Slade Justin J, Ambrosy Andrew P, Leong Thomas K, Sung Sue Hee, Garcia Elisha A, Ku Ivy A, Solomon Matthew D, McNulty Edward J, Rassi Andrew N, Lange David C, Philip Femi, Go Alan S, Mishell Jacob M
Department of Cardiology, Kaiser Permanente San Francisco Medical Center, San Francisco, California, USA.
Division of Research, Kaiser Permanente Northern California, Oakland, California, USA.
Struct Heart. 2023 Mar 21;7(4):100166. doi: 10.1016/j.shj.2023.100166. eCollection 2023 Jul.
Transcatheter aortic valve replacement (TAVR) may be used to urgently or emergently treat severe aortic stenosis, but outcomes for this high-risk population have not been well-characterized. We sought to describe the incidence, clinical characteristics, and outcomes of patients undergoing urgent or emergent vs. elective TAVR.
We identified all adults who received TAVR for primary aortic stenosis between 2013 and 2019 within an integrated health care delivery system in Northern California. Elective or urgent/emergent procedure status was based on standard Society of Thoracic Surgeons definitions. Data were obtained from electronic health records, the Society of Thoracic Surgeons-American College of Cardiology Transcatheter Valve Therapy Registry, and state/national reporting databases. Logistic regression and Cox proportional hazard models were performed.

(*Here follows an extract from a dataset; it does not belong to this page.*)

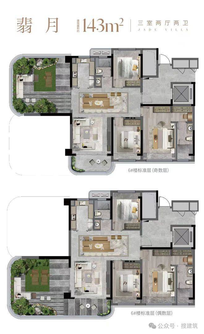 空中庭院奇偶层露台错开,打造出建面约143㎡奇偶户型,四房两厅两卫。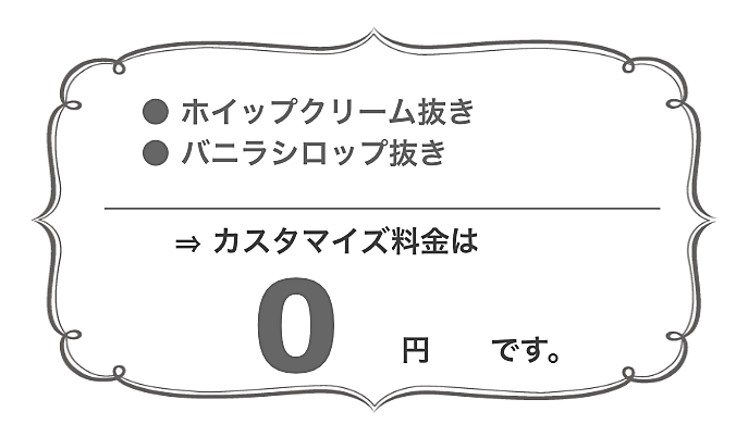 こちらは、バニラクリームフラペチーノ®︎に使用されているバニラシロップを削除し、ドリンクの上にトッピングされているホイップクリームも削除したカスタマイズドリンクです。

Among 1564 eligible adults that underwent TAVR, 81 (5.2%) were classified as urgent/emergent. These patients were more likely to have heart failure (63.0% vs. 47.4%), reduced left ventricular ejection fraction (21.0% vs. 11.8%), or a prior aortic valve balloon valvuloplasty (13.6% vs. 5.0%) and experienced higher unadjusted rates of 30-day and 1-year morbidity and mortality. Urgent/emergent TAVR status was independently associated with non-improved quality of life at 30-days (hazard ratio, 4.87; < 0.01) and acute kidney injury within 1-year post-TAVR (hazard ratio, 2.11; = 0.01). There was not a significant difference in adjusted 1-year mortality with urgent/emergent TAVR.
Urgent/emergent TAVR status was uncommon and associated with high-risk clinical features and higher unadjusted rates of short- and long-term morbidity and mortality. Procedure status may be useful to identify patients less likely to experience significant short term improvement in health-related quality of life post-TAVR.
经导管主动脉瓣置换术(TAVR)可用于紧急或急诊治疗严重主动脉瓣狭窄,但这一高危人群的治疗效果尚未得到充分描述。我们试图描述接受紧急或急诊TAVR与择期TAVR患者的发生率、临床特征及治疗效果。
我们确定了2013年至2019年期间在北加利福尼亚州一个综合医疗保健系统内因原发性主动脉瓣狭窄接受TAVR的所有成年人。择期或紧急/急诊手术状态基于胸外科医师协会的标准定义。数据来自电子健康记录、胸外科医师协会-美国心脏病学会经导管瓣膜治疗注册中心以及州/国家报告数据库。进行了逻辑回归和Cox比例风险模型分析。
在1564例接受TAVR的符合条件的成年人中,81例(5.2%)被归类为紧急/急诊。这些患者更有可能患有心力衰竭(63.0%对47.4%)、左心室射血分数降低(21.0%对11.8%)或既往有主动脉瓣球囊瓣膜成形术(13.6%对5.0%),并且30天和1年的发病率和死亡率未经调整的发生率更高。紧急/急诊TAVR状态与30天时生活质量未改善(风险比,4.87;<0.01)以及TAVR后1年内急性肾损伤(风险比,2.11;=0.01)独立相关。紧急/急诊TAVR调整后的1年死亡率没有显著差异。
紧急/急诊TAVR状态并不常见,且与高危临床特征以及短期和长期发病率和死亡率的较高未调整发生率相关。手术状态可能有助于识别TAVR后健康相关生活质量不太可能在短期内显著改善的患者。